Turmeric is pungent and bitter and has a little flavor of ginger. Curcumin is a less-known component of turmeric. Some call curcumin “curecumin” for its curative properties. Cayenne pepper is another good spice: A Cochrane Library review of 14 randomized, controlled, clinical trials found that cayenne reduced back pain more than a placebo.

Fish oil is pretty popular, too. But does it help cut joint pain? Studies suggest that fish oil may help to reduce osteoarthritis pain, particularly in knees. A Mayo Clinic study in 2015 found that fish oils could theoretically help reduce inflammation, but enough studies have not been done to recommend fish oil supplements.

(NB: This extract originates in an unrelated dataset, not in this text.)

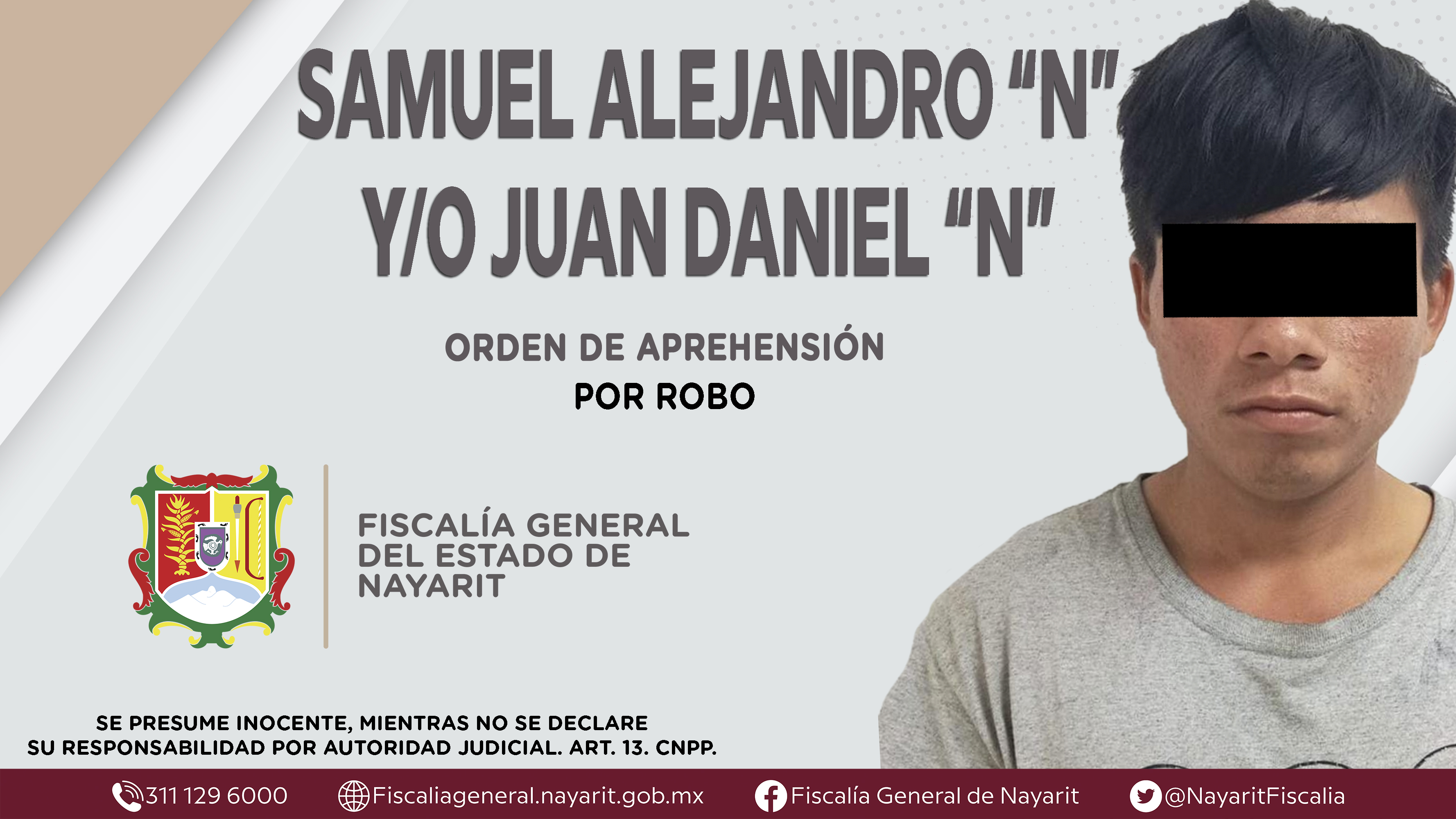 La Fiscalía General del Estado a través de la Agencia de Investigación Criminal dio cumplimiento a una orden de aprehensión en la ciudad de Tepic contra Samuel Alejandro “N” y/o Juan Daniel “N”, por su presunta participación en hechos que se...

Those that have been done do point to some benefits.  A 2015 study of 75 patients in Thailand found that 1,000 milligrams of fish oil per day improved knee performance compared with a placebo. A 2,000-milligram dose showed no increased benefits.

Eating more fruits and vegetables could help — they have antioxidants that help thwart inflammation.

Meanwhile, the dietary supplements glucosamine and/or chondroitin are often thought of as good to fight inflammation, but in reality, they fare no better than a placebo in slowing the structural damage of knee osteoarthritis.

In fact, the American College of Rheumatology has recommended that people with knee or hip osteoarthritis not use glucosamine or chondroitin; but the recommendation was not a strong one, and the ACR acknowledged that it was controversial.